Les había oído mencionar la brigada, algo sobre trabajo.

—Hermana mayor, la brigada anunció que el trabajo comienza mañana —dijo Bai Rushan.

—¿Trabajo?

¿Se supone que debemos desenterrar las raíces de los tallos de maíz?

¿Se ha descongelado el suelo?

¿Podemos sacar esas?

—Bai Ruxue entendió que en primavera, las raíces de los tallos de maíz necesitaban ser desenterradas.

¡Es la parte que queda en el suelo después de cortar los tallos de maíz!

Tenían que ser desenterradas manualmente, limpiar la tierra, y las raíces podían llevarse a casa como leña.

¿Pero por qué tan temprano este año?

¿No es generalmente alrededor del Festival Qingming?

¡Todavía falta un tiempo antes de que comience la temporada de siembra!

¡Solo es mediados de febrero, y todavía hace frío afuera!

—Podemos empezar a cavar ahora; aunque esté congelado, no retrasa el trabajo.

Además, la brigada exige que cada hogar participe en el trabajo.

¡Esta es una tarea importante para la siembra de primavera, no se puede retrasar!

¡No se permite ausentarse!

—Bai Rushan explicó a su hermana.

—Hermana mayor, ¿qué hay de tu trabajo?

—preguntó Bai Ruchuan.

—Está bien, puedo pedir permiso —respondió Bai Ruxue.

Su trabajo no tenía reclutamiento oficial ni respaldo de la brigada y la comuna, por lo que no era reconocido por la brigada.

Cuando comenzaba el trabajo, ya no podía ir libremente al pueblo y necesitaba una carta de presentación cada vez.

No participar en el trabajo requería permiso, a diferencia de Bai Daliang y otros que trabajaban en fábricas formales y tenían cuotas de reclutamiento.

—Lo que significa que los niños en la escuela no están obligados a participar —añadió Bai Rushan.

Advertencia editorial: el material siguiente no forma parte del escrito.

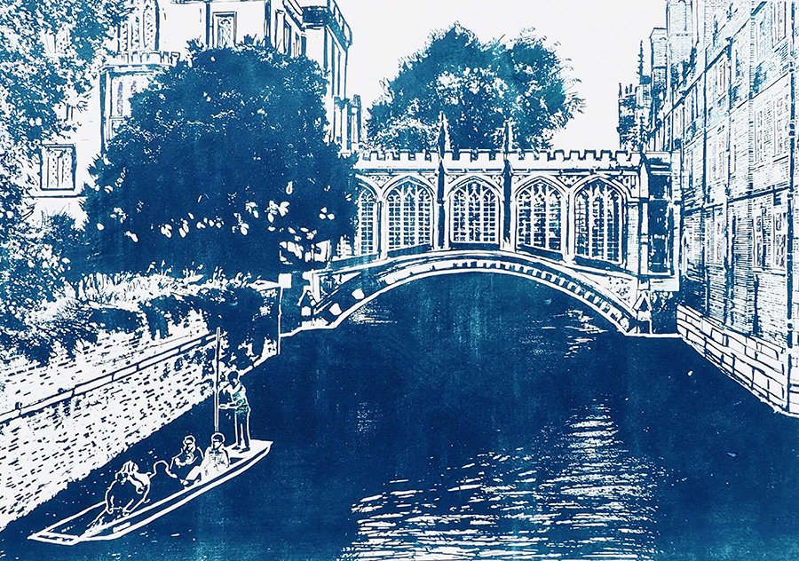 Jo’s practice often depicts landscapes and she sometimes includes the encroachment of urbanity. It is the juxtaposition of these two themes that interest her, and form the basis of her work. Jo is captivated by process – either by the layering of oil paint on canvas, or by ink and paper through printmaking. Jo’s original hand-pulled prints focus on relief methods, primarily solarplate™ and woodcut. Chine collé, silver or gold leaf or watercolour pencils are often added after the print has been pulled on her hand-built press set within her Cambridge studio.

—Es mediados de febrero, y la escuela secundaria del Pueblo Pingyang aún no ha abierto.

Incluso la escuela primaria de nuestra comuna no ha comenzado.

¡No tengo idea por qué!

—Bai Ruchuan.

—Quizás comenzarán el 1 de marzo —dijo Bai Rushan.

—¡Así es!

¡He estado tan ocupada que olvidé esto!

Encontraré tiempo para verificar la escuela.

Necesitamos registrarnos antes de que comience la escuela —añadió Bai Ruxue—.

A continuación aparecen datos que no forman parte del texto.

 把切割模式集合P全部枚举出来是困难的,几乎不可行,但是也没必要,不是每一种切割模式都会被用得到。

Como la escuela no ha comenzado, ¿tienen que trabajar?

¿Qué pasa con mamá y los niños?

—Aunque tenía recuerdos de la dueña original, a veces todavía se sentía confundida.

—Es posible pedir permiso; mamá está de baja por maternidad —informó Bai Rushan a Bai Ruxue.

—¡Bien!

Vamos, empecemos la cena.

Esta noche, tendremos costillas estofadas.

Si vamos a trabajar, necesitan algo de nutrición —Bai Ruxue dio palmadas en las espaldas de sus hermanos, y los tres entraron.

Para ese momento, Bai Ruyun y Bai Ruxia ya habían encendido el fuego, lavado el arroz y comenzado a cocinar.

—Xiao Shan, enciende la estufa, la hermana mayor hará costillas estofadas esta noche, y salteará algunos platos para impresionar —Bai Ruxue ni siquiera regresó adentro, inmediatamente comenzó a preparar con los ingredientes que trajo.

—Está bien, ¡habrá comida deliciosa esta noche!

—Bai Rushan fue felizmente a encender la estufa.

Los demás tampoco estaban ociosos, ayudando a Bai Ruxue a seleccionar verduras, lavar y cortar, todos riendo mientras trabajaban.

Wang Cuihua no pudo contenerse, salió a preguntar sobre la situación de Bai Daliang.

Bai Ruxue se dio cuenta de que no había informado a su madre sobre su padre todavía.

Así que, le explicó adecuadamente a su madre sobre la situación de Bai Daliang, asegurándole que todo estaba bien.

Wang Cuihua finalmente se sintió aliviada.